I have started using the Public Suffix List for my own web application, as a way to reliably parse a hostname into its parts (subdomains, private domain, public suffix). In order to accomplish this, I parse the Public Suffix List and transform it into a Tree-like JSON object.
The structure is simple: The root object contains keys corresponding to the Top Level Domains found in the Public Suffix List. Each of these keys leads to another object containing all of the Second Level Domains that are found under that TLD, and so on and so forth.
Wildcards entries are registered under the key '*'. Don't register any child nodes under a wildcard node.
For an exception, like "!except", register the domain label without the exclamation ("except"), but also add a special property to that node to mark it as an exception (`@exception: true`).

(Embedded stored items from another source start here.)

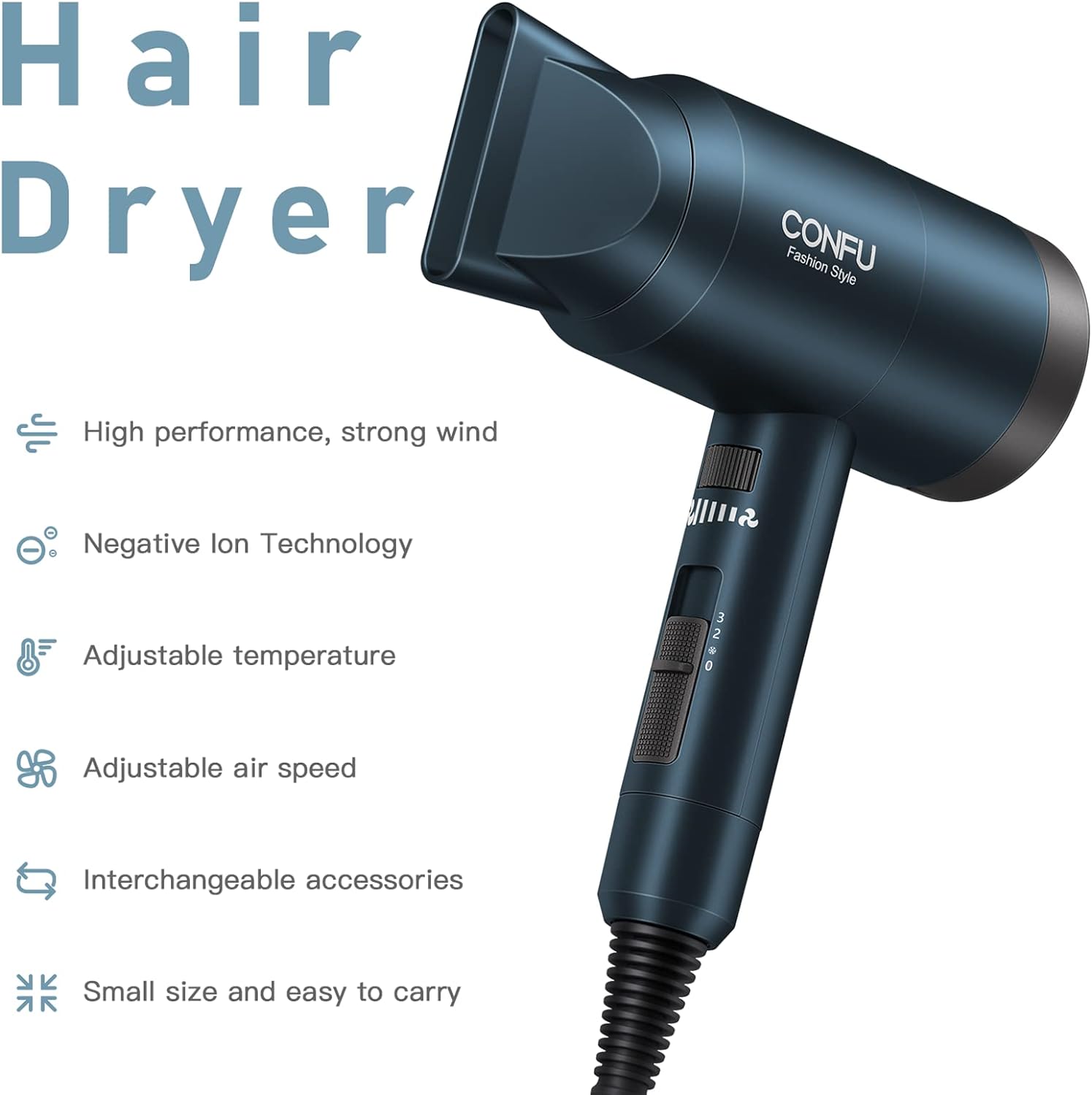 【Ionen-Thermostat-Haarpflege-Haartrockner】 CONFU-Ionen-Haartrockner. Er kann das Haar tiefgreifend vor Schäden schützen und gleichzeitig das Haar mit Feuchtigkeit versorgen, Spliss beseitigen, Proteinschäden reduzieren und die natürliche Feuchtigkeit im Haar aufrechterhalten, wodurch das Haar glatt und seidig wird.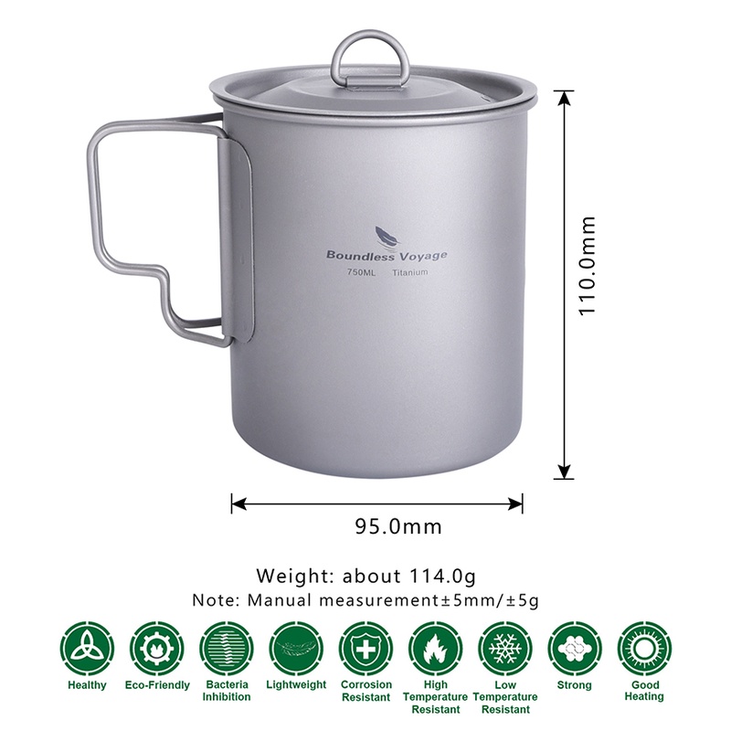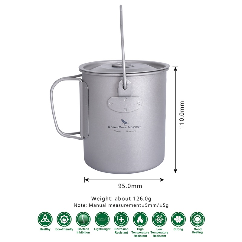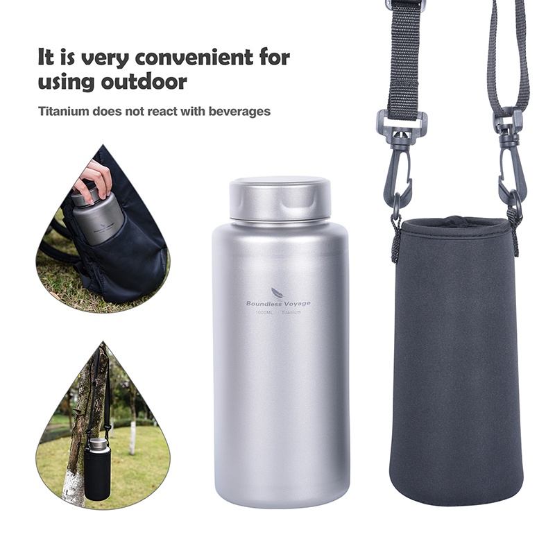 Boundless Voyage- ขวดน้ําไทเทเนียม ชั้นเดียว กันรั่วซึม น้ําหนักเบา 750 มล. สําหรับตั้งแคมป์ กลางแจ้ง 1 ลิตร
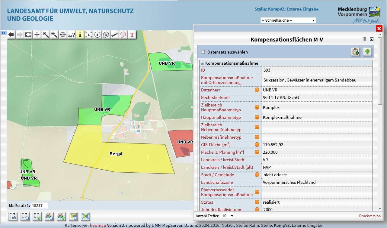 Für das Landesamt für Umwelt, Naturschutz und Geologie Mecklenburg-Vorpommern wurde auf Basis von kvwmap ein WebGIS aufgesetzt, mit dem u.a. das Kompensations- und Ökokontoverzeichnisses verwaltet wird. Das Verzeichnis dient im Rahmen der naturschutzrechtlichen Eingriffs-Ausgleichs-Regelung der Erfassung und Dokumentation von Kompensationsmaßnahmen und den zugehörigen Flächen sowie der Verwaltung von Ökokonten in Mecklenburg-Vorpommern.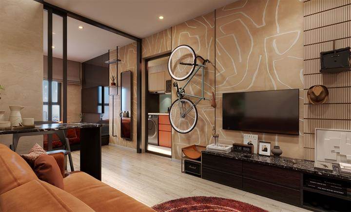 แบบบ้าน : Brooklyn ชั้น 1 หน้าบ้าน กว้าง 5.7 เมตร ลงเสาเข็มเท่าตัวบ้าน รองรับการใช้งานจริง แบ่งโซนรับแขกได้อย่างลงตัว มุมครัวขนาดใหญ่ เชื่อมต่อกับพื้นที่ทานอาหาร พื้นที่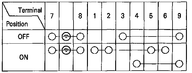 3. Check for continued between the terminals in each switch position according to the table.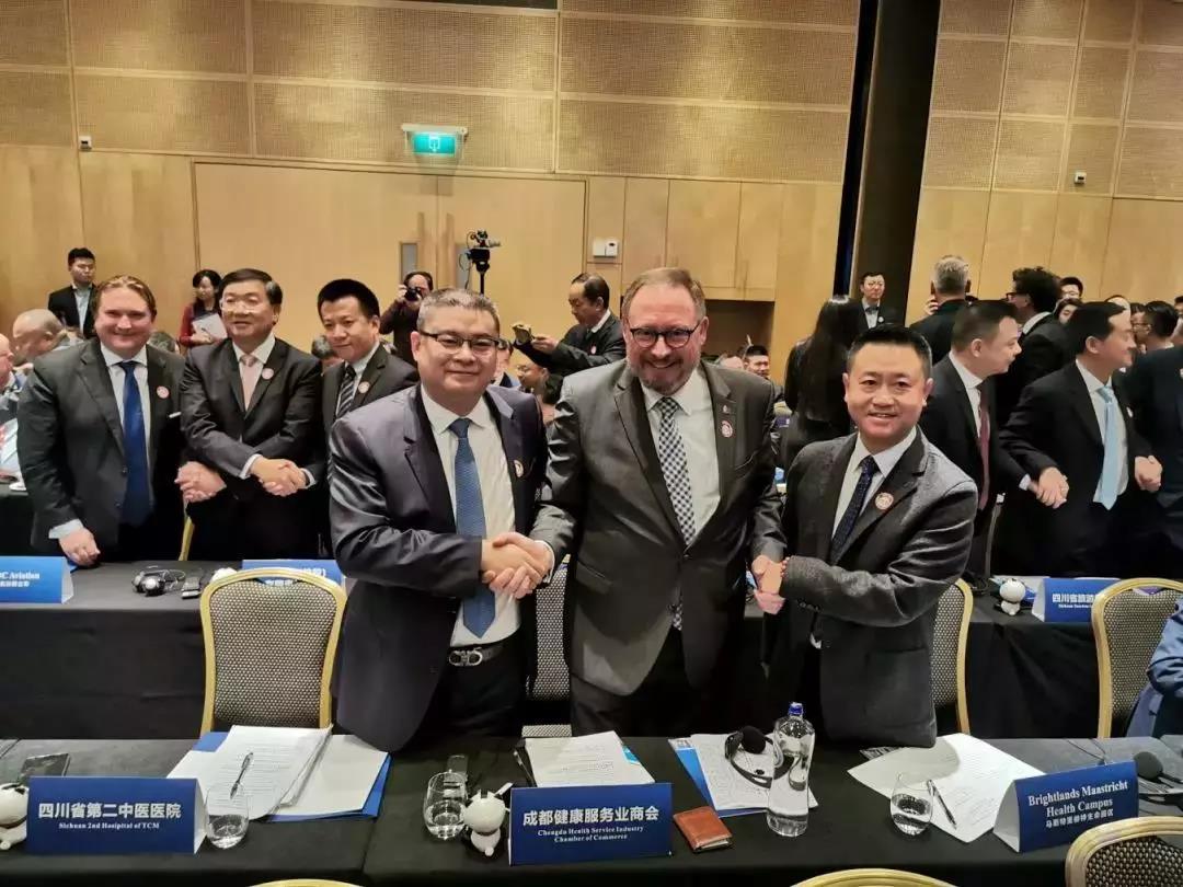 在彭清華、博文斯見證下,四川省第二中醫醫院、成都市健康服務業商會、荷蘭馬斯特里赫特生命科學園共同簽署了關于合作共建“中國(四川)——荷蘭中醫藥中心”框架協議。四川省中醫藥管理局黨組書記、局長田興軍率四川中醫藥代表團參加此次活動。

Also don't register any child nodes under an exception node.
For a node that corresponds with the left-most domain in a rule, you can likewise add a special property to demarcate it (`@leaf: true`). All wildcard and exception entries will also be `@leaf` nodes.
Once this transformation is done, it becomes trivial to lookup the public suffix of a hostname. Simply break the hostname into its parts (lowercase), based upon the delimiter (`.`), and then traverse the Public Suffix Tree as far as possible using these parts starting from the TLD. As you traverse, keep track of the last `@leaf` node encountered and its depth.
If you have matched as far as possible and the current @leaf node is not an exception, check to see if there is a wildcard '*' entry under that leaf node. If so, update your results accordingly. In either case, you now know the depth of the public suffix for the hostname in question. The private domain is at that that depth + 1, and any subdomains are found at any depth greater than that.
I have not had a need to keep track of comments for my application, but could probably work in the comments into the structure as well by adding a @comment attribute to leaf nodes, or perhaps a @commentId and keeping a separate hash or array of comments that can be used to lookup the corresponding comment contents.
-----------------------------
Now, the nice thing about this Public Suffix Tree structure is not only that it can easily be used to parse the public suffix of a hostname, but it can also be readily serialized and deserialized as a simple, standard JSON object. This means that the Public Suffix List could be pre-processed into the Public Suffix Tree structure and be made available for download the same way that the Public Suffix List is now. And since modern programming languages have built-in support for parsing JSON, this makes it that much easier to make use of the Public Suffix Tree.
I would like to propose that we perform such pre-processing and make the Public Suffix Tree .json document available for download along-side the existing Public Suffix List .dat document.